# The RAMP Architecture & Description Language

Greg Gibeling, Andrew Schultz & Krste Asanović RAMP Gateware Group, UC Berkeley & MIT CSAIL {gdgib & alschult}@eecs.berkeley.edu, krste@csail.mit.edu

January 17, 2006

### 1 Introduction

The RAMP (Research Accelerator for Multiprocessors) project is developing infrastructure to support high-speed emulation of large scale, massively parallel multiprocessor systems using FPGA platforms. In this paper, we describe our proposal for a RAMP Design Framework (RDF), which has a number of challenging goals. The framework must support both cycle-accurate emulation of detailed parameterized machine models and rapid functional-only emulations. The framework should hide changes in the underlying RAMP hardware from the module designer as much as possible, to allow groups with different hardware configurations to share designs and to allow RAMP modules to be reused in subsequent hardware revisions. In addition, the framework should not dictate the hardware design language chosen by developers.

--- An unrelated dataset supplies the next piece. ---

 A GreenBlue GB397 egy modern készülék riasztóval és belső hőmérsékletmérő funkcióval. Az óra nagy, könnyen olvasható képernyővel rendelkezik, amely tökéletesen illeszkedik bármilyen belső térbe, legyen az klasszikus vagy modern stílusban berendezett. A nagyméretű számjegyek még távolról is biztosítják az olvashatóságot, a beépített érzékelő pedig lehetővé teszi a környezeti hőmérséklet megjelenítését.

Our approach was to develop a decoupled machine model and design discipline, together with an accompanying RAMP Description Language (RDL) and compiler to automate the difficult task of providing cycle-accurate emulation of distributed communicating components.

## 2 RDF Overview

A configured RAMP system models a collection of CPUs connected to form a cache-coherent multiprocessor. The emulated machine is called the *target*, and underlying FPGA hardware (e.g. BEE2) is the *host*. The RAMP design framework is based on a few central concepts. A RAMP configuration is a collection of loosely coupled *units* communicating with latency-insensitive protocols over well-defined *channels*. Figure 1 gives a simple schematic example of two connected units. In practice, a unit will be a large component corresponding to tens of thousands of gates of hardware, e.g., a processor with L1 cache, a DRAM controller, or a network router stage. All communication between units is via messages sent over unidirectional point-to-point

inter-unit *channels*, where each channel is buffered to allow units to execute decoupled from each other.

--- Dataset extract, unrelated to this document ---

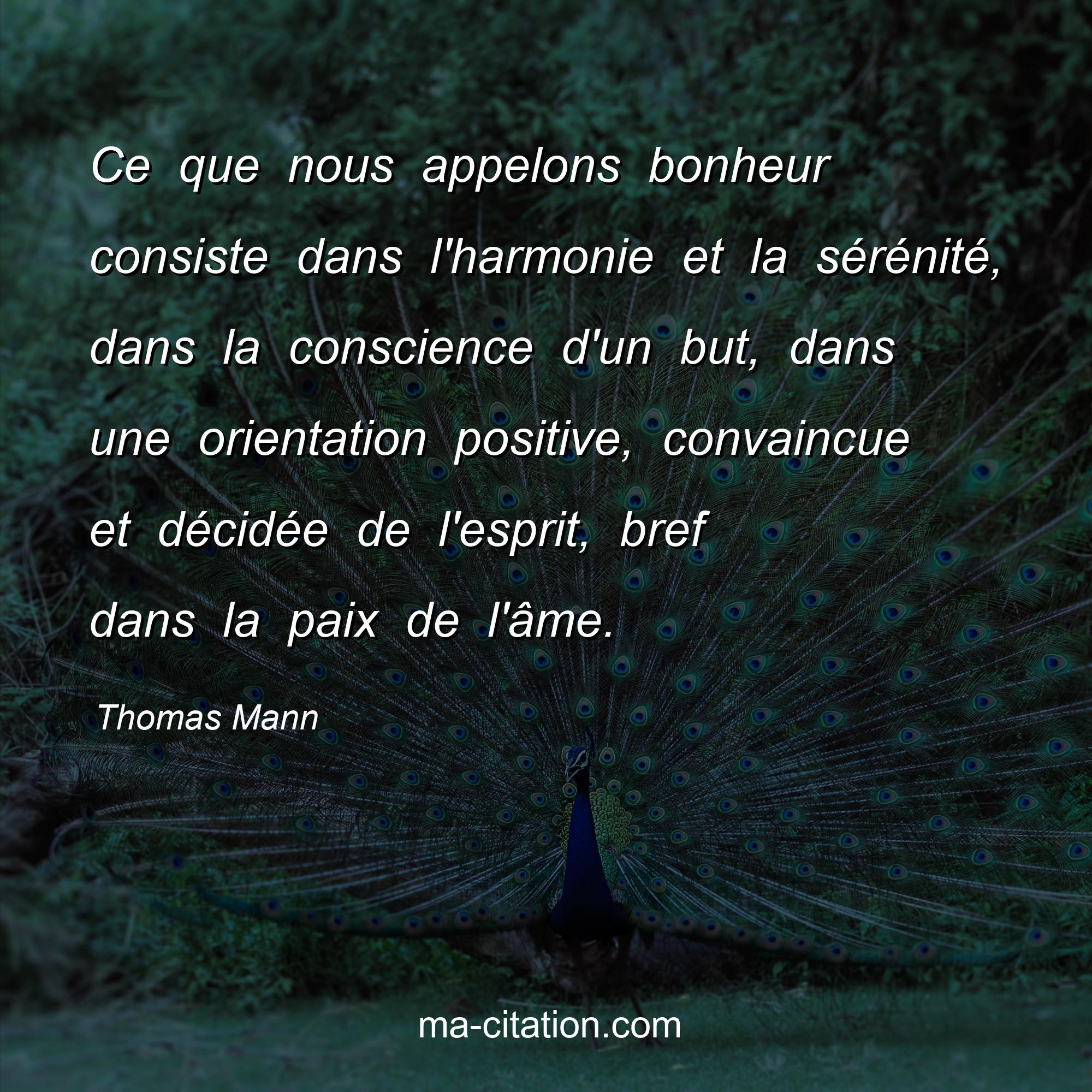 Citation sur la vie de Thomas Mann :Ce que nous appelons bonheur consiste dans l'harmonie et la sérénité, dans la conscience d'un but, dans une orientation positive, convaincue et décidée de l'esprit, bref dans la paix de l'âme.

Each unit has a single clock domain. The target clock rate of a unit is the relative rate at which it runs in the target system. For example, the CPUs will usually have the highest target clock rate and all the other units will have some rational divisor of the target CPU clock rate (e.g., the L2 cache might run at half the CPU clock rate). The physical clock rate of a unit is the rate at which the FPGA host implementation is clocked. In some cases, a unit might use multiple physical clock cycles to emulate one target clock cycle, or even require a varying number of physical clock cycles to emulate one target clock cycle. At least initially, we expect that the whole RAMP system will have the same physical clock rate (nominally around 100 MHz), perhaps with some higher physical clock rates in I/O drivers.

All channels are unidirectional and strictly pointto-point between two units. The two units at each end of a channel can have different target clock rates, but, at least for the initial RAMP standard, must have the same physical clock rate. Units are only synchronized via the point-to-point channels. The basic principle is that a unit cannot advance by a target clock cycle until it has received a target clock cycle's worth of activity on each input channel and the output channels are ready to receive another target cycle's worth of activity. This scheme forms a distributed concurrent event simulator, where the buffering in the channels allows units to run at varying physical speeds on the host while remaining logically synchronized in terms of target clock cycles.

Unit designers must produce the RTL code of each unit in their chosen hardware design language or RTL generation framework, and specify the range of message sizes that each input or output channel can carry. For each supported hardware design language, the RAMP framework provides tools to automatically generate a unit wrapper (see following Section) that interfaces to the channels and

Figure 1 Basic RAMP communication model.



provides target cycle synchronization. The RTL code for the channels is generated automatically by the RDL compiler from an RDL description, which includes a structural netlist specifying the instances of each unit and how they are connected by channels.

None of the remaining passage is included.